A day without cancer…
I’ve always thought THE DAY without cancer was on January 13, 2016- the day after Jack’s final treatment. I was wrong.
For a few hours today, we were cancer free…..
As we boarded my parents houseboat, Jack and Charlie cheers of joy echoed from Lake Berryessa’s shoreline. Before I could pull the bathing suits from the bag, both boys stood naked at the stern, eager to get in and play.
As I watched Jack and Charlie splash, I knew for the first time in many moons, my kids were being actual kids! They were free, and partaking in one of life’s most precious pastimes with a smile. No medicine. No paranoia of other human disease or sickness. No chemo talk. No imaginary bubble. No doctors. No schedule. No worries (other than drowning and a few other miscellaneous hazards:))
I, too was able to escape all of the worrisome monotony as I watched my innocent dudes be the little mischievous turds that they are; and I smiled. We missed mom today- she’s finally taking a weekend for herself and I’m proud of her for it. I think she sees some of these moments more so than I, but she also manages the stressful medicine, doctor, and school schedule as well. Needless to say, the woman deserves a break.
Is it bad after 48 hours running daddy-daycare, I also need a weekend break? Rhetorical question. Don’t answer that. Keep in mind this is my first 3+day solo with the boys. Don’t judge me:)
We took a boat ride. Charlie reminds me (every 5 minutes), “Dad- Jack likes to go fast and hit the bumps (waves) and I like to go slow…… Dad- did you hear me… Jack likes to go fast and I like to go slow.” I’m not sure if this is his personality or Jack’s treatment that has him so timid and worried all the time. Most likely a combination of both. Either way, I feel bad for the kid. In fact, this whole cancer thing has been most difficult on him than anyone else. He’s also three years old…. maybe one day he and I will make sense of it all.

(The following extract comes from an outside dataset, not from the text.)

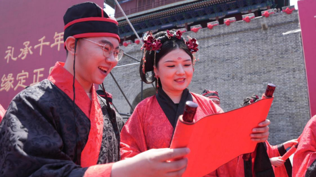 5月17日,河北省石家庄市首届汉式集体婚礼在古城正定举行。活动现场,25对身着汉式婚礼袍服的新人行对拜礼、饮合卺酒、诵婚书、传家训,再现中华传统婚典文化的古韵之美。本次活动旨在提倡节俭朴素新风尚,让广大青年树立正确的婚恋观和家庭观。

The good news is Charlie and Jack like boat rides!
We spent a good 1.5 hours driving around the lake (at various speeds). Jack would run from one end of the ski boat to the other. Drool would sporadically hit me in the face as Jack couldn’t close his mouth due an abundance of smiles. Charlie sat and cheered him on.
Watching all of this go down, I felt like Mel Gibson in Braveheart. You know- the scene when he’s on his horse and motivates his fellow countrymen by saying, “You’ll never take our freedom! FREEDOM!”
Today, we were cancer free! Today, we had our FREEDOM!
A quick note- I think I should mention: Jack doesn’t have cancer as he is in remission. This post is more about the effects of cancer and today’s mini escape from it. His treatment ends in mid January, 2016. Hopefully we will be in the clear from that day forward.